[Problem]
Excluding pictures, reproduce word for word the lines from the one containing "[Edison LED Bulb]" through the end of the material below.

[Recorded data]

========

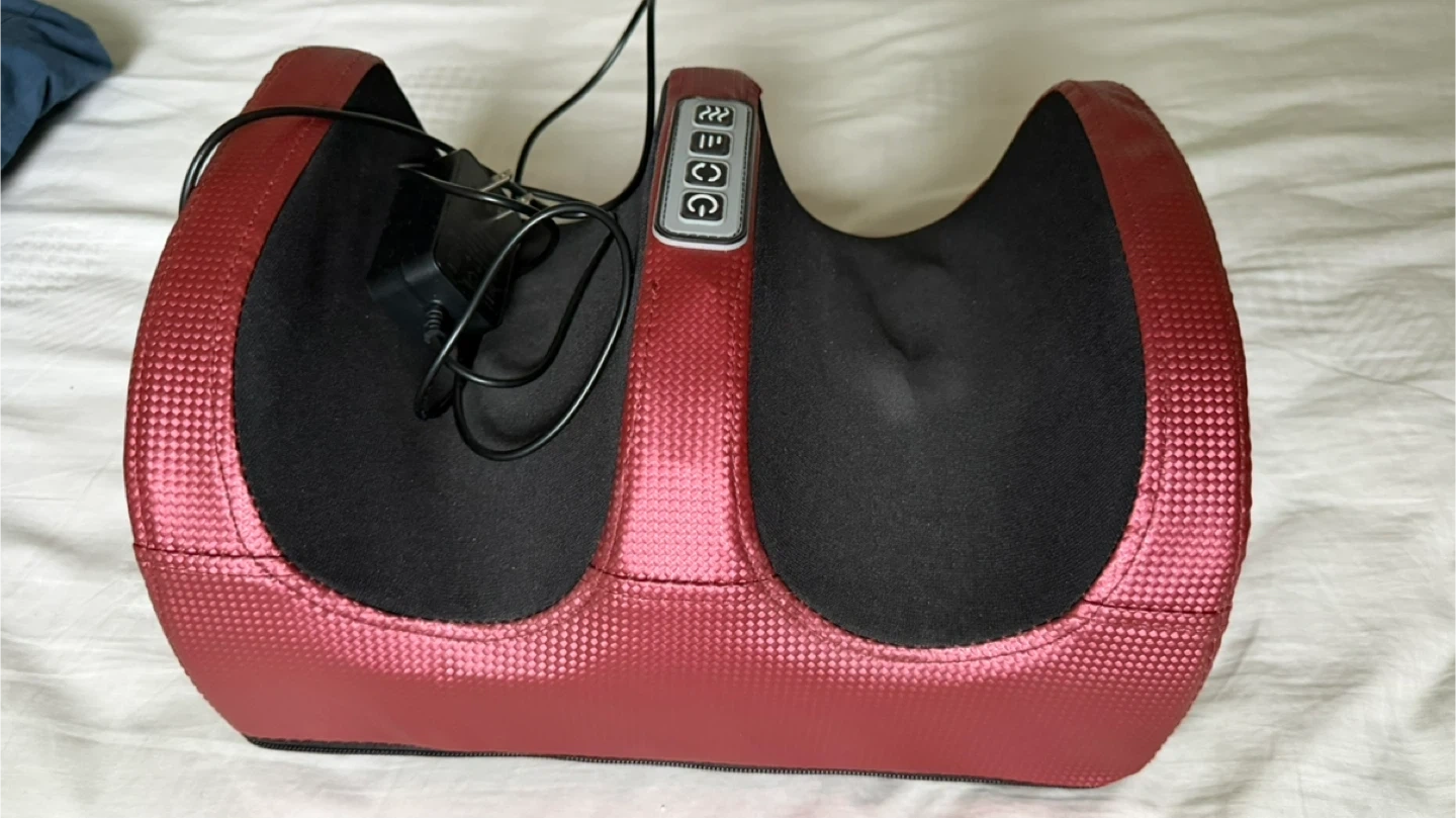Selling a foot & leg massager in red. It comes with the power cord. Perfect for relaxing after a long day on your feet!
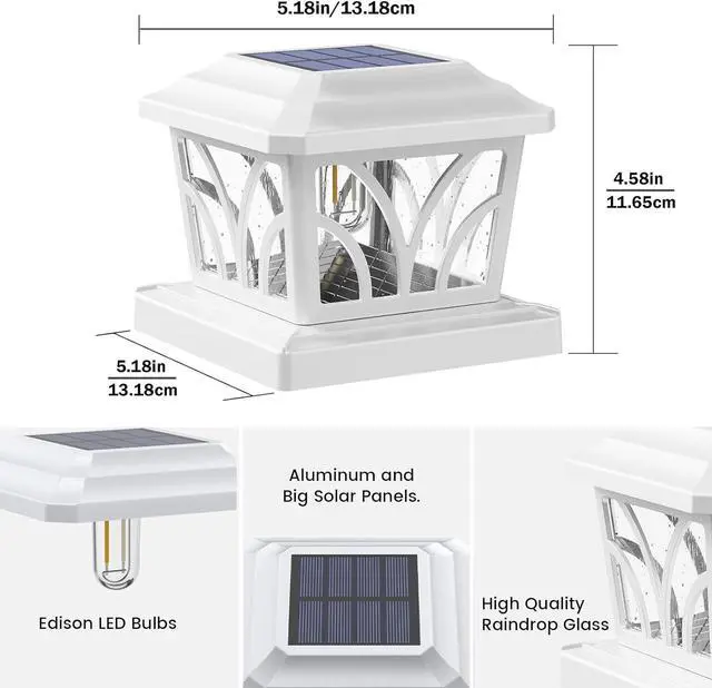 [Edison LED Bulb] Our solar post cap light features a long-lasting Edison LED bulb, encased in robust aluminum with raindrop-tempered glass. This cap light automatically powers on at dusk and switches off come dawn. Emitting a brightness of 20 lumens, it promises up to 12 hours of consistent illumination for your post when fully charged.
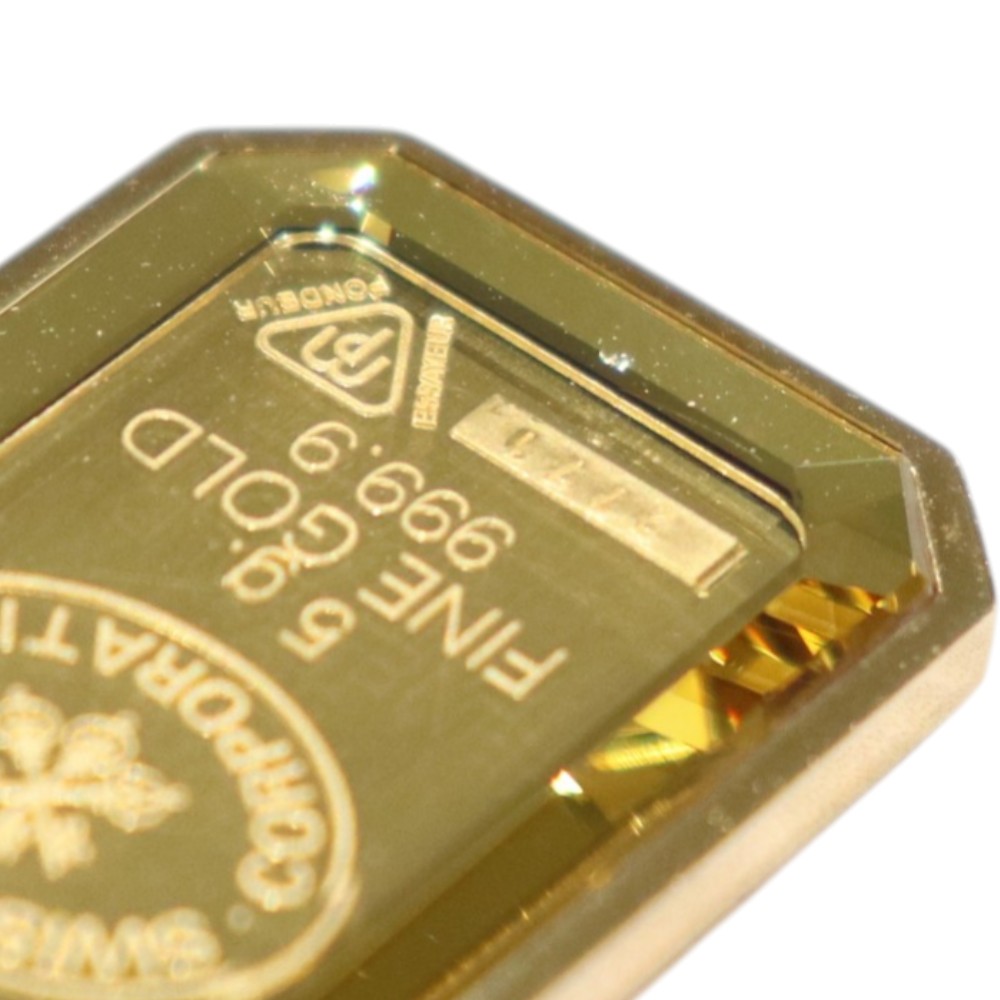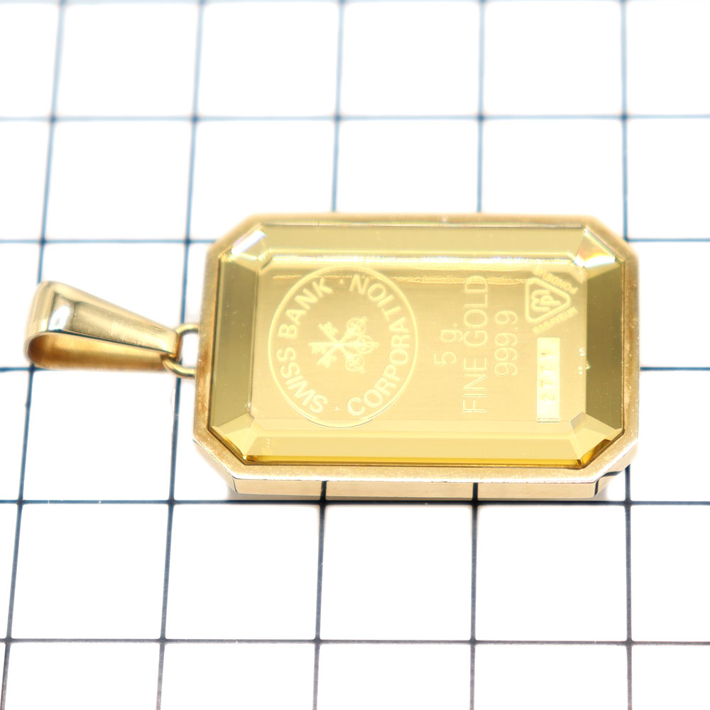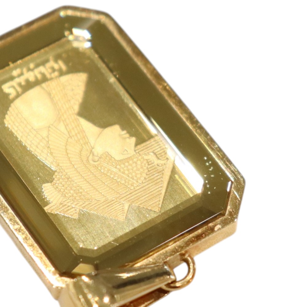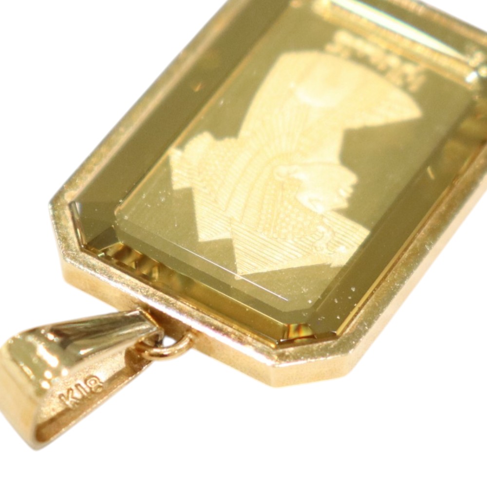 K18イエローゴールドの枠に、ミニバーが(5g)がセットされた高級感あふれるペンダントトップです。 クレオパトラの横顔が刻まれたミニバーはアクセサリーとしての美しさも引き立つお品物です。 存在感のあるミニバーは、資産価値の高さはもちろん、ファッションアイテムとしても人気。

========

[Answer]
 [Edison LED Bulb] Our solar post cap light features a long-lasting Edison LED bulb, encased in robust aluminum with raindrop-tempered glass. This cap light automatically powers on at dusk and switches off come dawn. Emitting a brightness of 20 lumens, it promises up to 12 hours of consistent illumination for your post when fully charged.
 K18イエローゴールドの枠に、ミニバーが(5g)がセットされた高級感あふれるペンダントトップです。 クレオパトラの横顔が刻まれたミニバーはアクセサリーとしての美しさも引き立つお品物です。 存在感のあるミニバーは、資産価値の高さはもちろん、ファッションアイテムとしても人気。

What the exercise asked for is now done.